Start of Block

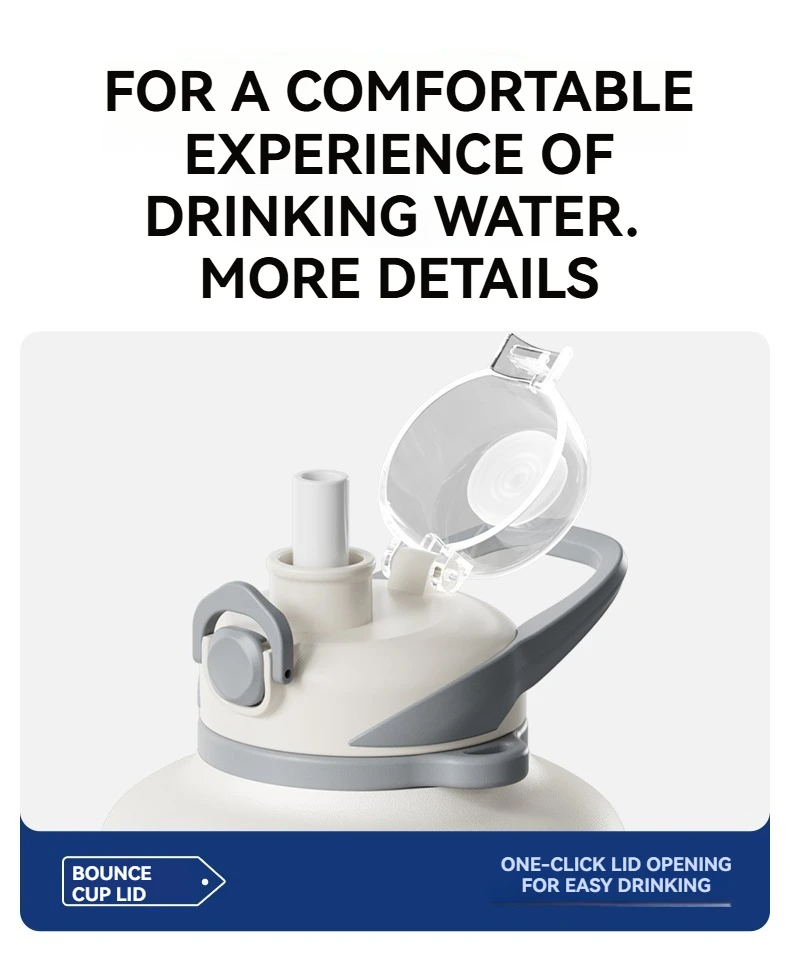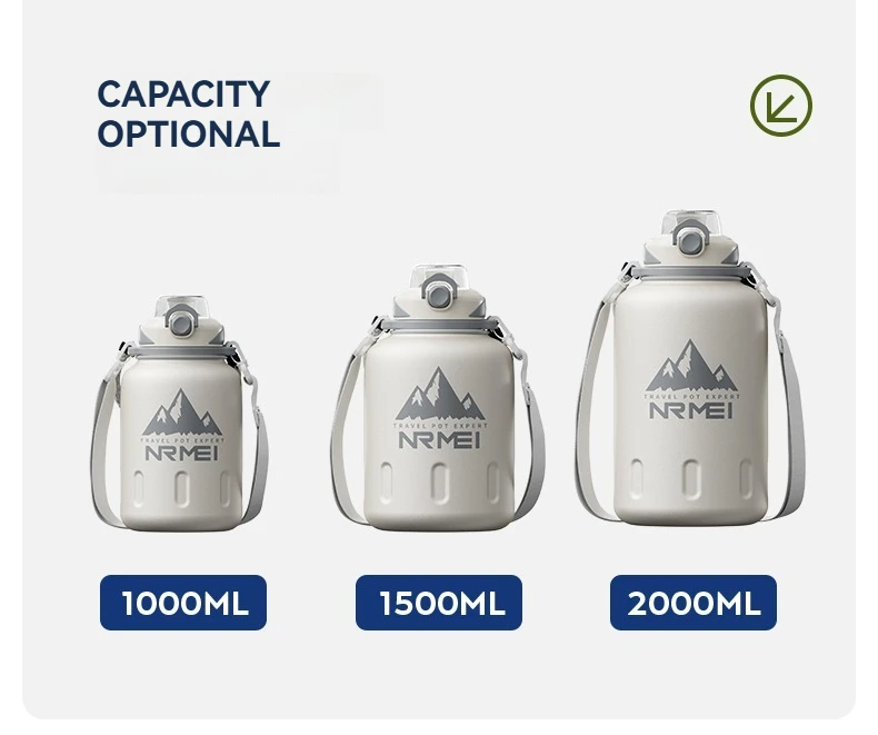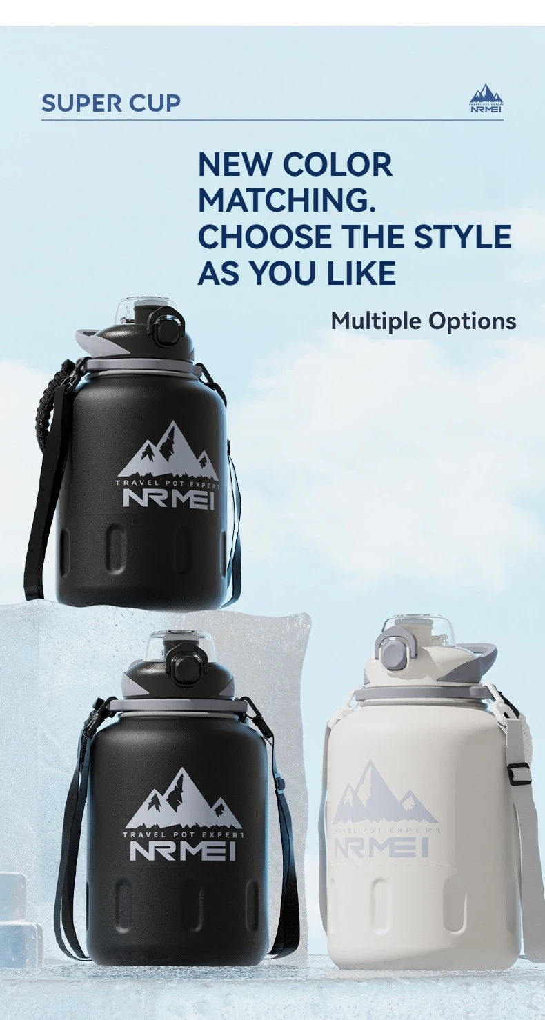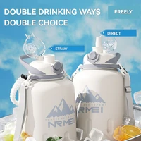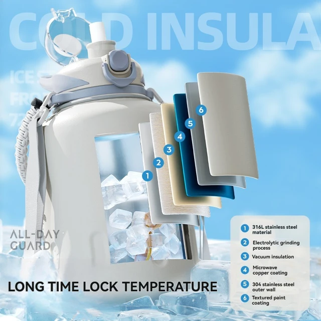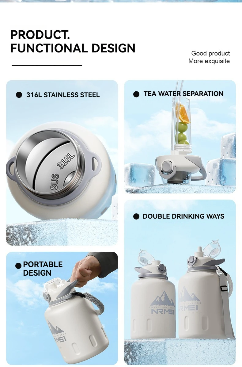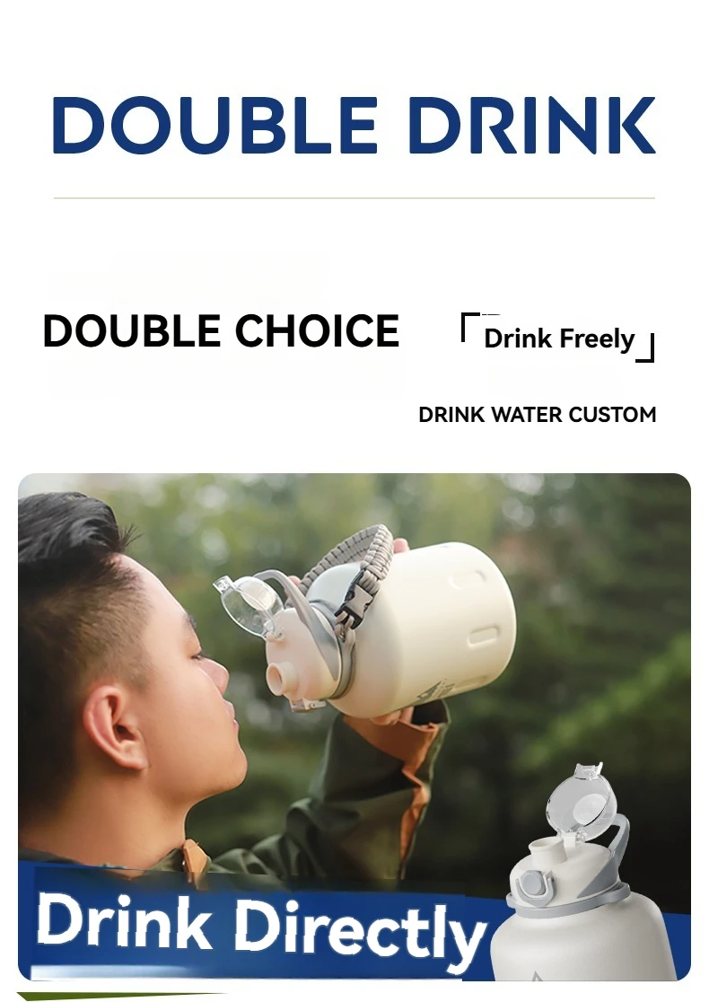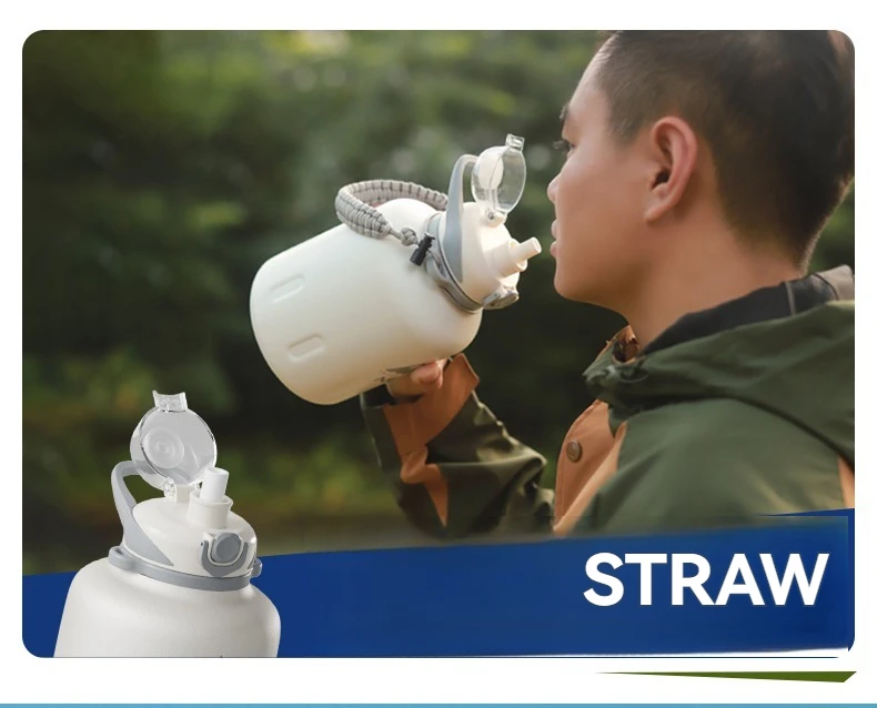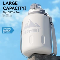 2L Stainless Steel Bottle Thermos Insulated Tumbler Outdoor Sports 316 Vacuum Flask with Rope and Straw
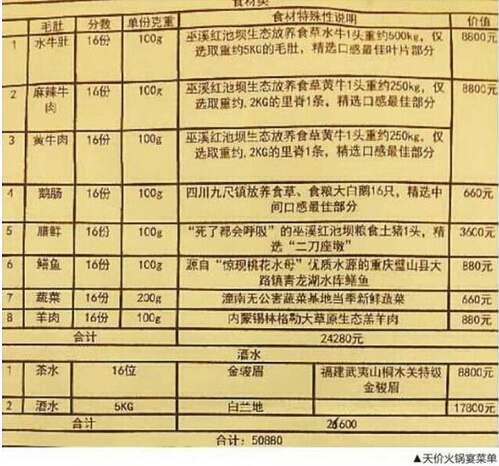24280元菜金,26600元茶酒錢,一桌火鍋年夜飯總消費50880元。你以為有錢就能當(dāng)個任性的吃貨?大錯特錯!
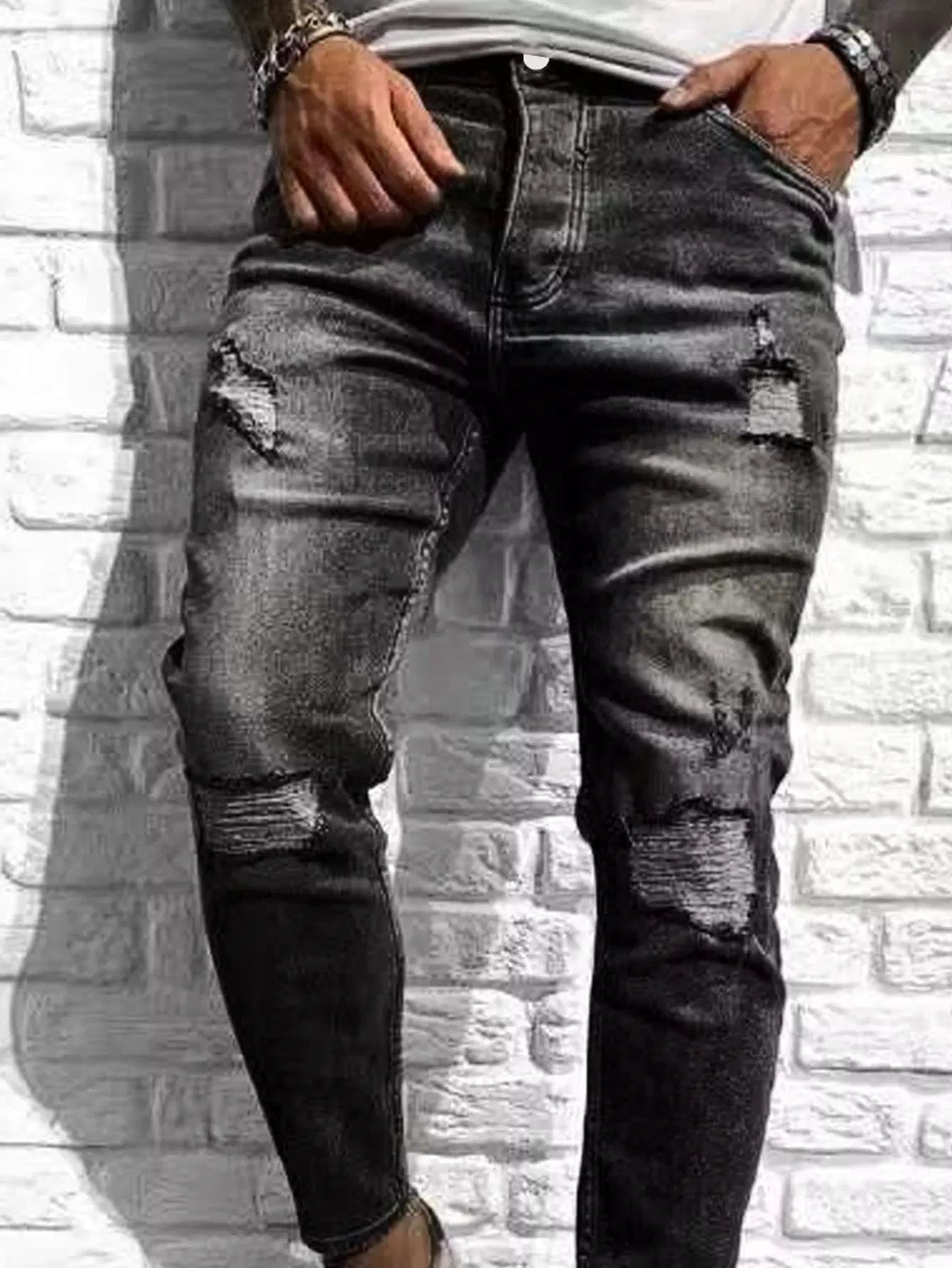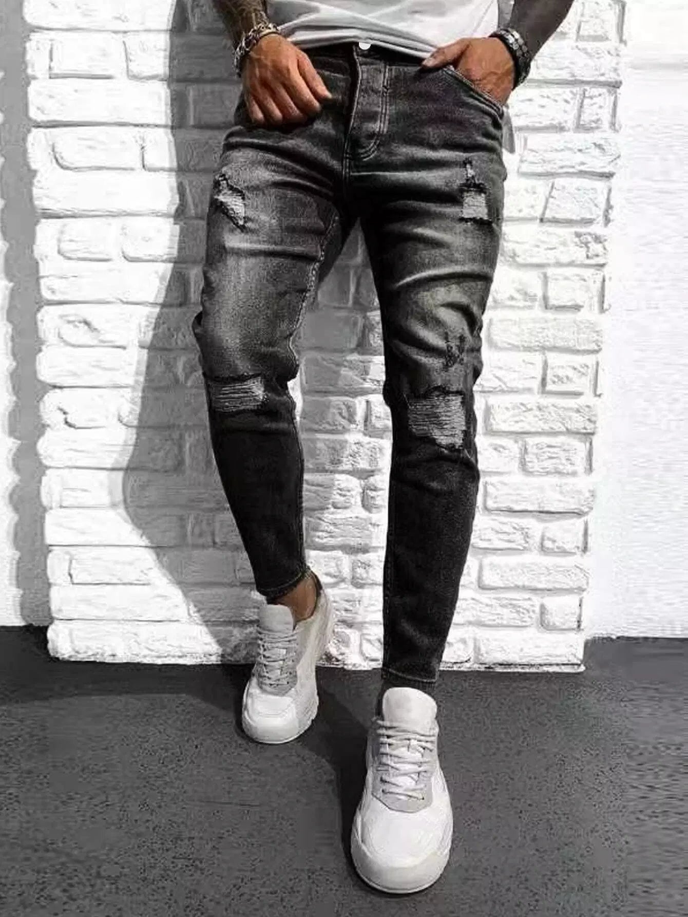 Men Ripped Frayed Cat Scratch Skinny Jeans
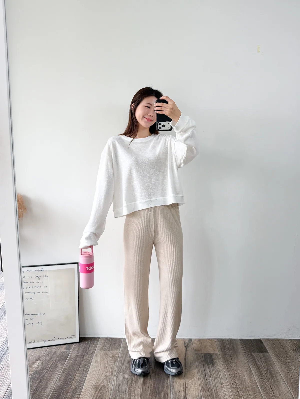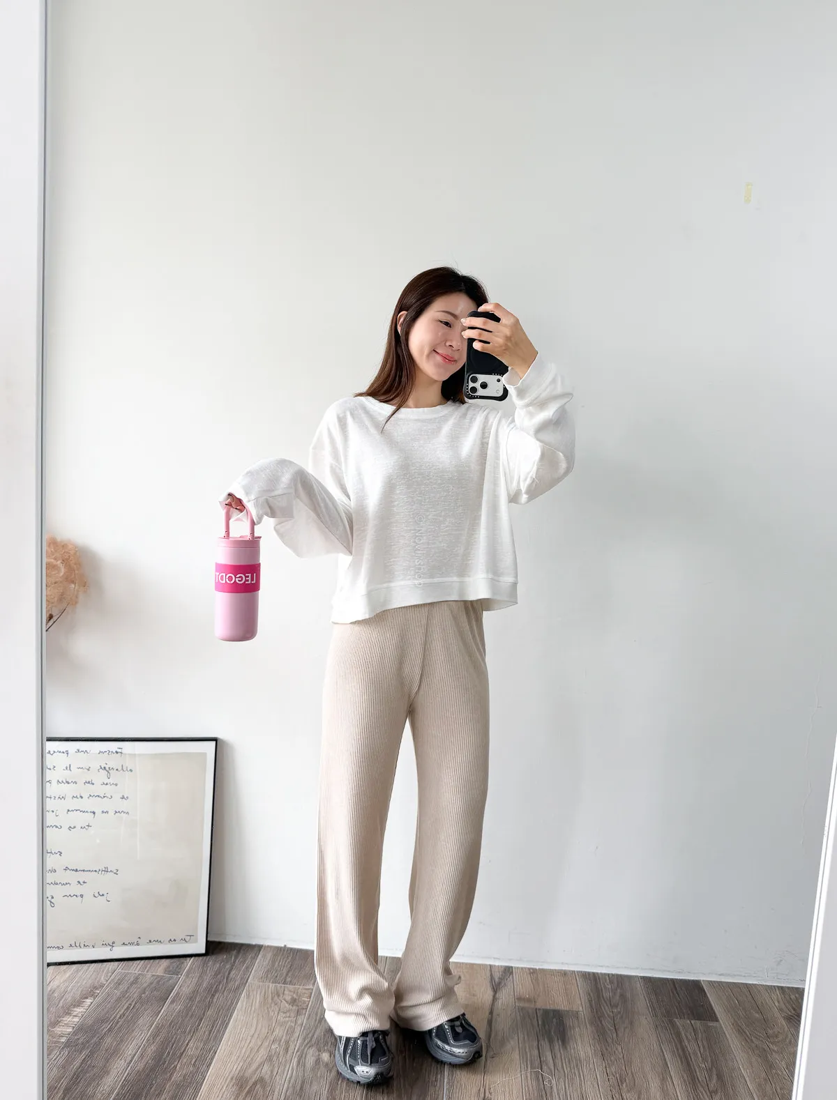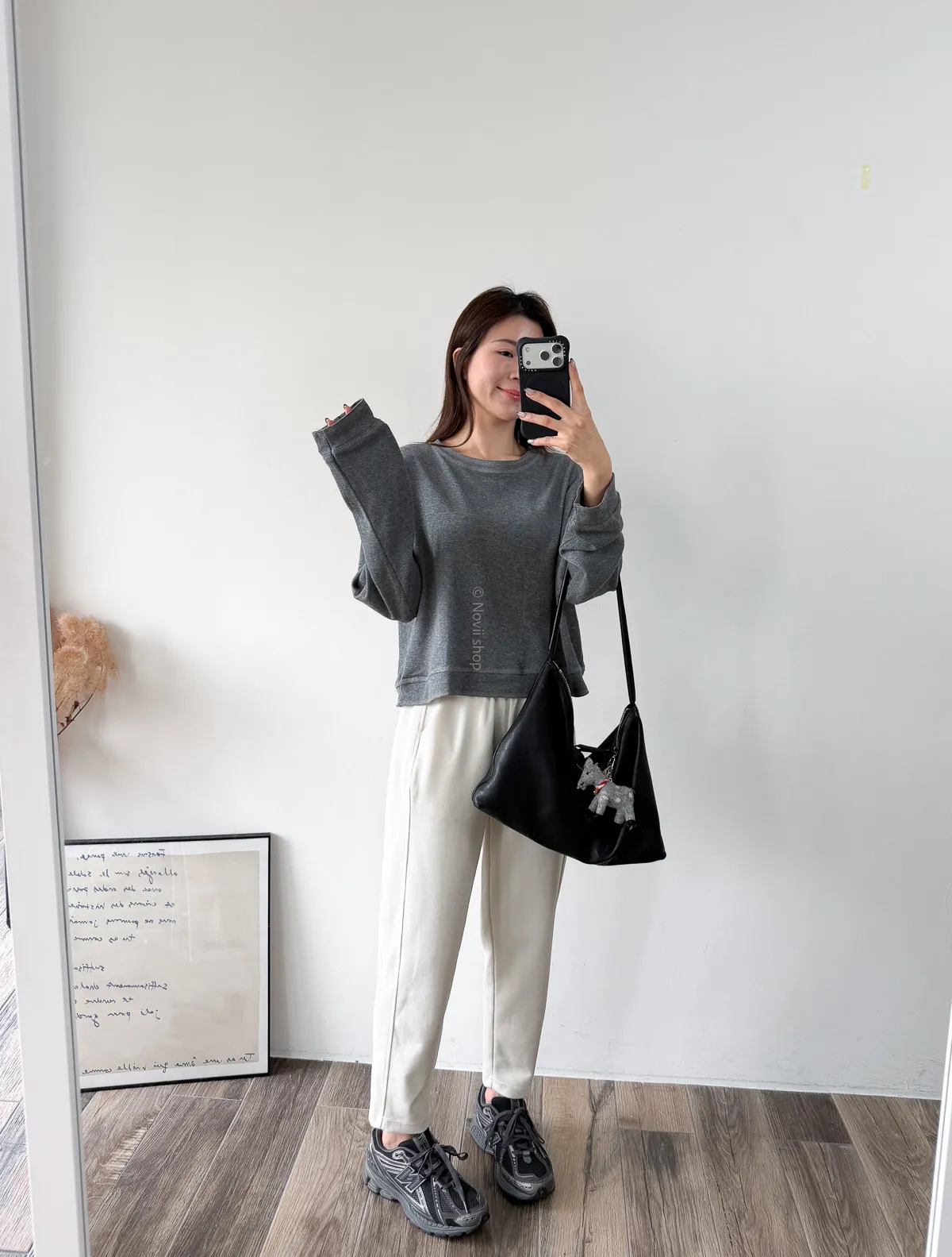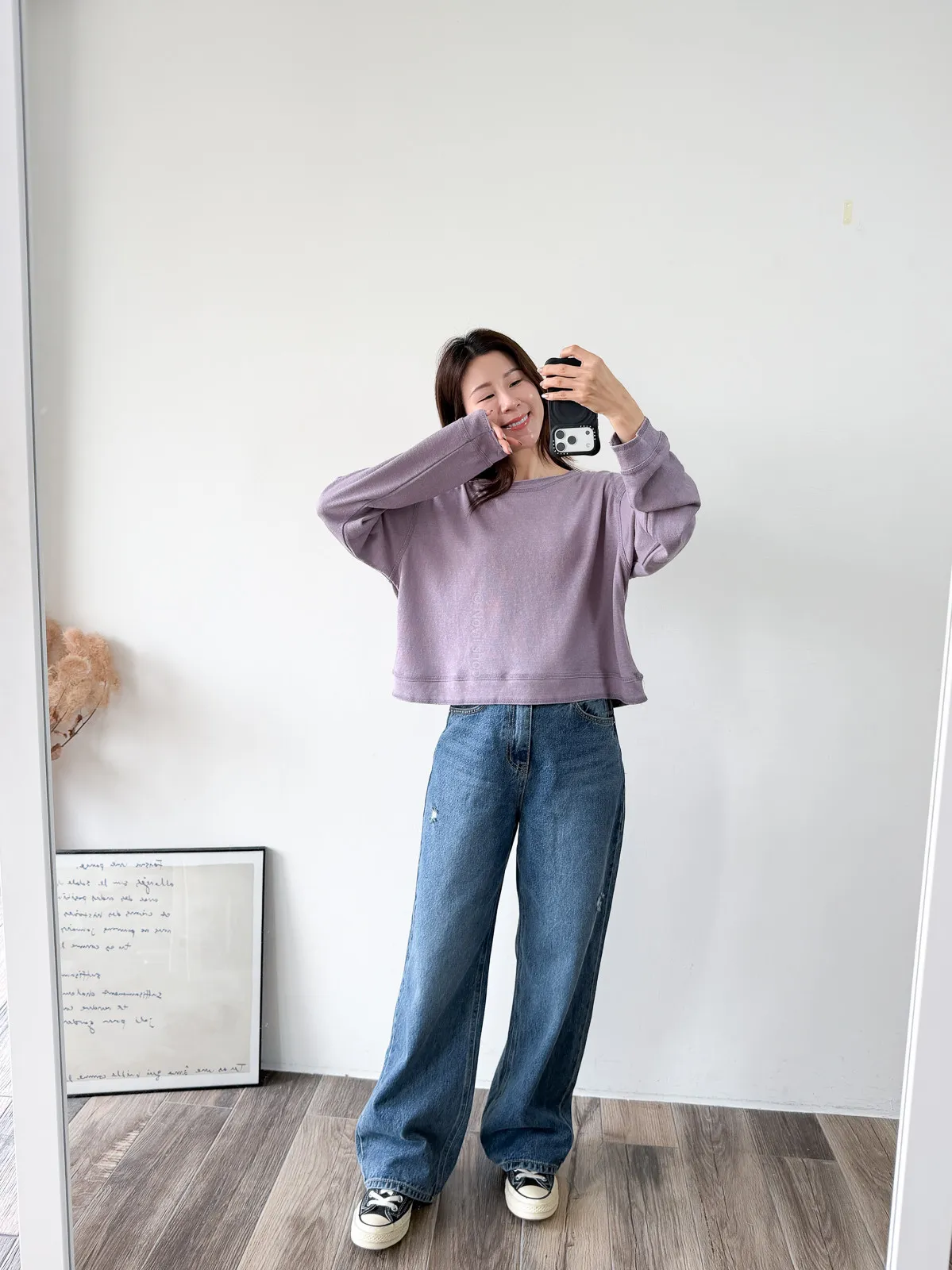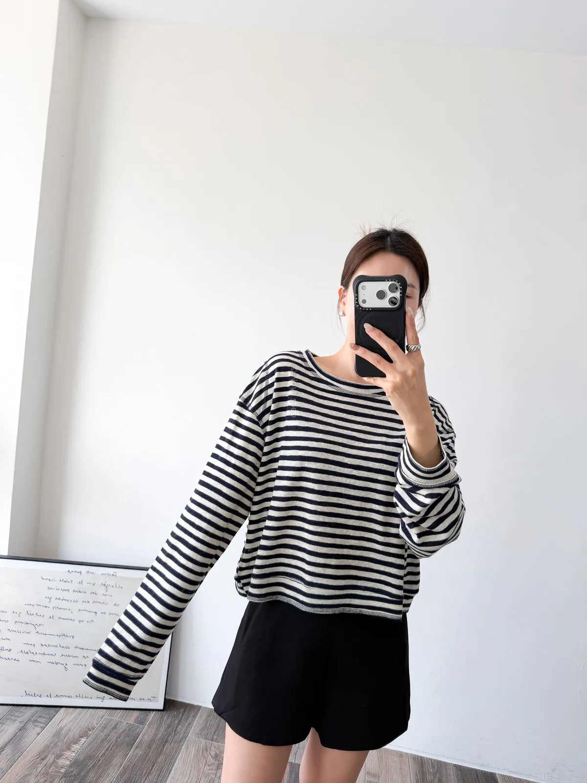 棉質 / 有彈性 帶點微透感的布料~ 很適合春秋換季這種涼涼天氣 很喜歡他的短版鬆鬆感又帶點慵懶. 袖口和下擺都是雙層設計可以讓整件版型更挺一些 除了基本的白灰~ 條紋也意外很可愛 還有不會太亮的紫色也很可愛! Model 158/48 (腰26 臀35.5吋) detail//

End of Block

**How to complete this task:**
Every line of the material must be returned exactly; leave the images out.

**The answer:**
 2L Stainless Steel Bottle Thermos Insulated Tumbler Outdoor Sports 316 Vacuum Flask with Rope and Straw
24280元菜金,26600元茶酒錢,一桌火鍋年夜飯總消費50880元。你以為有錢就能當(dāng)個任性的吃貨?大錯特錯!
 Men Ripped Frayed Cat Scratch Skinny Jeans
 棉質 / 有彈性 帶點微透感的布料~ 很適合春秋換季這種涼涼天氣 很喜歡他的短版鬆鬆感又帶點慵懶. 袖口和下擺都是雙層設計可以讓整件版型更挺一些 除了基本的白灰~ 條紋也意外很可愛 還有不會太亮的紫色也很可愛! Model 158/48 (腰26 臀35.5吋) detail//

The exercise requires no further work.